This week's Quote of the Week was a bit of a tough choice. I first wanted to reward fellow Harvard grad Teresa Hsiao (a writer for Family Guy) for her anecdote about Harvard passed along in this article—"asymptotic strippers" is seriously the clubhouse leader for phrase of the year. Slow clap.
But it's not your Quote of the Week, and that's because of Stockton, California. If you don't know anything about Stockton, here's an enormous infographic to get you up to speed—if you just want the basics, it's a city in California that recently went bankrupt, making it the largest municipal bankruptcy in American history. Wanna know how it happened? Let's go to the mayor for a quick overview (original WSJ article can be found here).
This week's QUOTE OF THE WEEK
"We didn't have projections into the future what the costs might be. I learned that you don't make decisions without looking into the future."
- Ann Johnston, Mayor of Stockton, CA
Jesus, what is this, an Onion article? And yet, scoff as we might at the people of Stockton, the reality is that this kind of brutally short-sighted financial planning is far closer to the norm than the exception in our country.
For proof, check out this post from Mish Shedlock, which shows that CalPERS—the fund that manages pension benefits for more than 1.6 million California public employees—returned only 1% on its investments last year, despite operating with a (ridiculous) 7.5% return assumption. That assumption, incidentally, is the amount CalPERS needs to achieve on an annual basis in order to remain anywhere near solvent.
Lest you think one year of underperformance doesn't matter, this year's 1% return means that CalPERS will need to earn a 14.5% return next year just to get back to where it needs to be. And if it returns the same 1% again next year, which is entirely possible? Then it'll need a 21.8% return in year 3 to get its head back above water.
You see, the problem with this kind of pension math is that even a relatively small amount of underperformance (not even something as drastic as this year's 1% return) can have a significant impact on long-term solvency of the pension fund, if it persists for long enough.

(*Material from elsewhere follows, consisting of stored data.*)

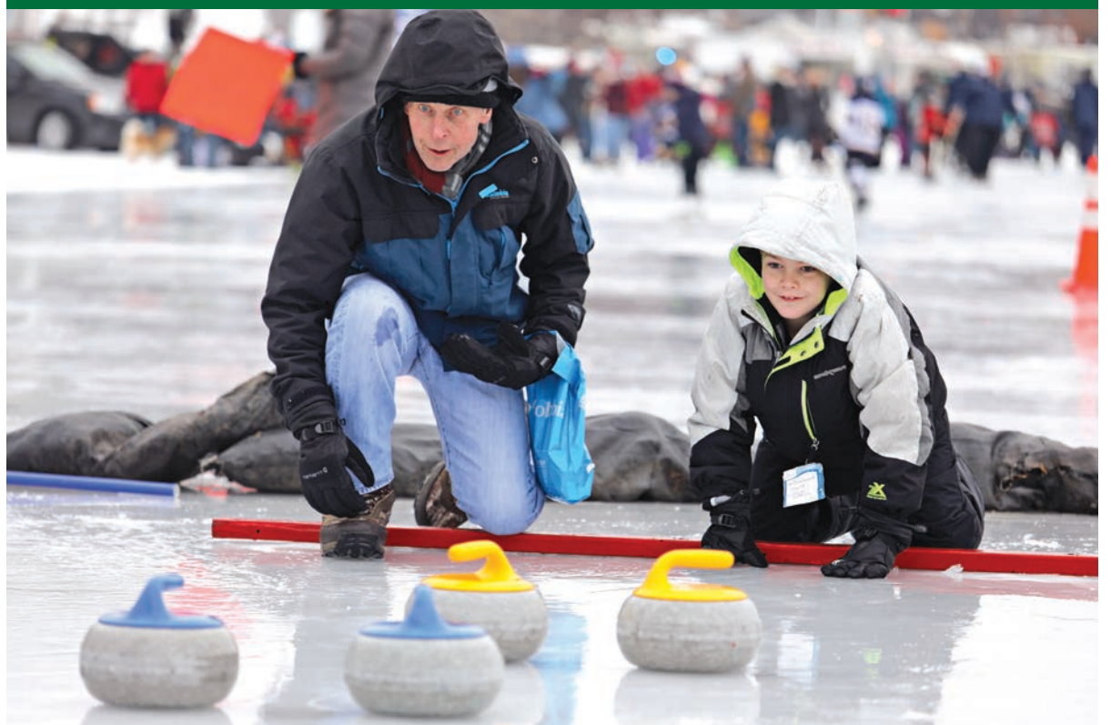
After a week of extremely cold temperatures, the weather gave Plymouth a break for the 30th annual Fire & Ice festival, where attendees could try their hands at curling, ride a dog sled, race in recycle bins and participate in a range of other winter activities.
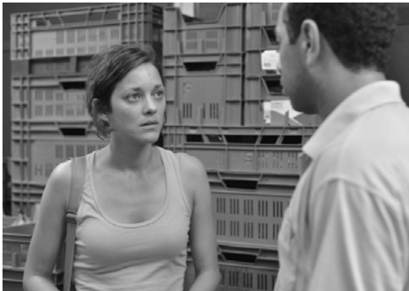
STILL FROM "TWO DAYS, ONE NIGHT."

the tiniest bit of spot color or glimpse of a bit of sunlight or grass—is intentional. Spot color pops up in the most unlikely places giving us an improbable source of visual relief: an orange garbage can, a blue mailbox, a potted plant in the corner of an otherwise dreary apartment. The smallest act,
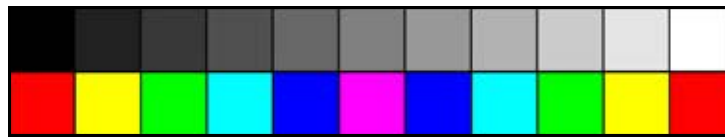
The Digital Zone System
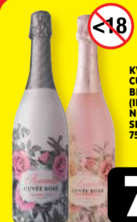
KWV ANNABELLE CUVÉE ROSE/ BLANCHE (INCLUDING NON-ALCOHOLIC) SPARKLING WINE 750ml EACH
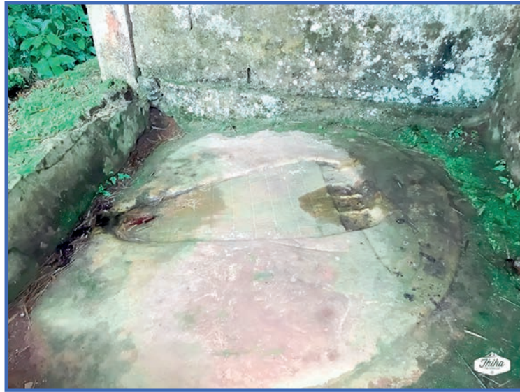
Footprint of King Kyansittha.

least would be a very attractive souvenir for any visitors be they locals or foreigners.
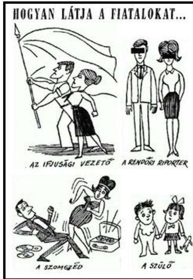
Figure 4-1. How young people are viewed by... Top Row (left to right): The Youth Leader, The Police Reporter; Bottom Row: The Neighbor, The Parent. Népszabadság , March 29, 1964.

traditional Leninist assertion that the youth were important allies of the socialist revolution. Too young to have played a major role in the revolution, this generation of young people was the first to come of age in the more permissive atmosphere of Kádárism, which made them important symbols of the Kádár government. For the parents who had raised their children through the hardships of the Second World War and the Rákosi period, young people also had important significance. As one article in the Guardian explained, “Such parents have high hopes for their children. They have few worldly goods to leave them and instead wish to bequeath a heritage of
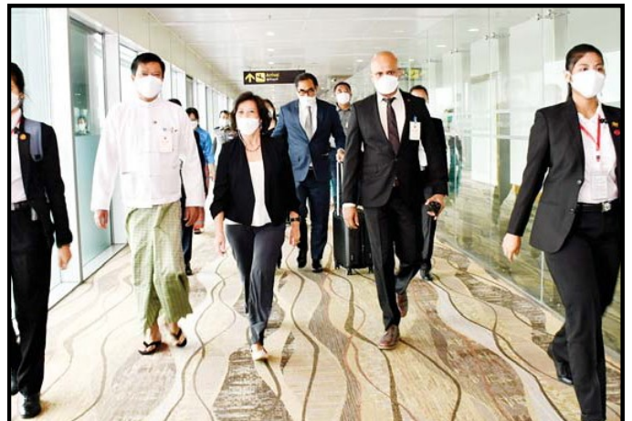
Officials welcoming special envoy of the United Nations Secretary-General on Myanmar at the airport

For example, if a fund with a 7.5% return assumption were to earn 5% per year over the next 5 years—which would honestly be a pretty solid performance, given prevailing interest rates—it would still need a 20.9% return in year 6 (or, alternatively, an equally long period of equivalent outperformance, which seems doubtful) in order to get back to even.
So when it comes to projecting the future, is projecting an unrealistically rosy future—like CalPERS is doing—really any different from not projecting the future at all like Stockton? I'd suggest not, and I'd also suggest that anyone who relies on CalPERS for their retirement plans should start looking elsewhere. Soon.